Второй путь - брак. Вхождение в богатую семью сулило жениху безбедное существование. "Или ми речеши, - пишет Заточник, - женися у богата тьстя чти великиа ради; ту пити и яжь"50. "Великая честь", по мысли Даниила Заточника, это сытое существование, но не способ перепрыгнуть из своего социального круга в следующий, более высокий. В других источниках также нет данных о браках мужчин из низшего сословия на женщинах более высокого положения.

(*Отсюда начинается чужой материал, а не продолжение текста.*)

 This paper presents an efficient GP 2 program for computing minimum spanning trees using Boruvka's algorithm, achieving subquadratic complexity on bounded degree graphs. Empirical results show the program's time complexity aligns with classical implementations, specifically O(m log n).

Третий путь - постриг, самый неприемлемый и позорный для Даниила Заточника. Он позволял достичь сытости, но ставил человека вне общества. "Или речеши, княже, пострижися в чернцы?" - пишет он. "Лучши ми есть тако скончати живот свои, нежели, восприимши ангельский образ, солгати". Оказывается, для некоторых людей того времени смерть была предпочтительней монашеской рясы. В представлениях людей эпохи Даниила Заточника монахи - это люди, которые имели образ ангельский, а нрав "блядиный". Можно понять тех матерей, которые плакали по своим детям как по мертвым, когда князь Владимир вылавливал их для "ученья книжного"51, то есть пристраивал к церквям для обучения христианскому закону. Вес христианской церкви в Древней Руси был невелик, и потому она не могла обещать социального роста, хотя могла пожизненно обеспечить едой и питьем.

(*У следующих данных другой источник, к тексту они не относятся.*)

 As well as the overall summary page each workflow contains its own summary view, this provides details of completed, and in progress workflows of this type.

Четвертый путь - война. "Дивиа за буяном кони паствити, тако и за добрым князем воевати", - пишет Заточник. Путь достойный, но неприемлемый: автор "Моления" не горазд на рати, зато умен и мудр: "Не зри внешняя моя, но возри внутреняя моа. Аз бо, господине, одением оскуден есмь, но разумом обилен; ун възраст имею, а стар смысл во мне. Бых мыслию паря, аки орел по воздуху"52. Но масса молодых людей шла на службу в княжеские детские или откликалась на призыв "повоевати", чтобы проявить себя в бою, не стремясь удивить мудростью. "Слово о полку Игореве" свидетельствует: на войне они "искали себе чести, а князю славы". Нет оснований думать, что воинский подвиг мог как-то изменить социальное положение героя. Источники знают только один случай, когда ратные заслуги привели к радикальным переменам в жизни не только самого счастливчика, но и всей его семьи. Этот случай непременно приводят для доказательства высокой вертикальной мобильности на Руси. Речь идет о русском богатыре-кожемяке, удавившем грозного печенега. Но этот случай - всего один. Кроме того, текст летописи не позволяет говорить именно о социальном росте: "Володимеръ же вели-

стр. 75

кимь мужемъ створи того и отца его"53. Но что это значит - сделал "великим мужем"? Кем сделал? Дьяконов понимал это выражение как "звание старшего дружинника", то есть боярина. Б. А. Романов - просто "княжеского дружинника"54. Между тем, то, что "великий муж" или "вельможа" вовсе не "боярин", наиболее ясно из "Слова о погибели Русской земли". Согласно "Слову", Русская земля помимо всего прочего богата: "боярами честными" и "вельможами многими"55. Это может означать то, что Владимир просто провозгласил героев "великими", то есть выдающимися людьми Русской земли, без изменения их социального статуса. Возможно, это значит всего лишь - приблизил ко двору и обеспечил пожизненное содержание, например, назначив на какую-либо административную должность (не боярскую, конечно). Или - и то, и другое вместе.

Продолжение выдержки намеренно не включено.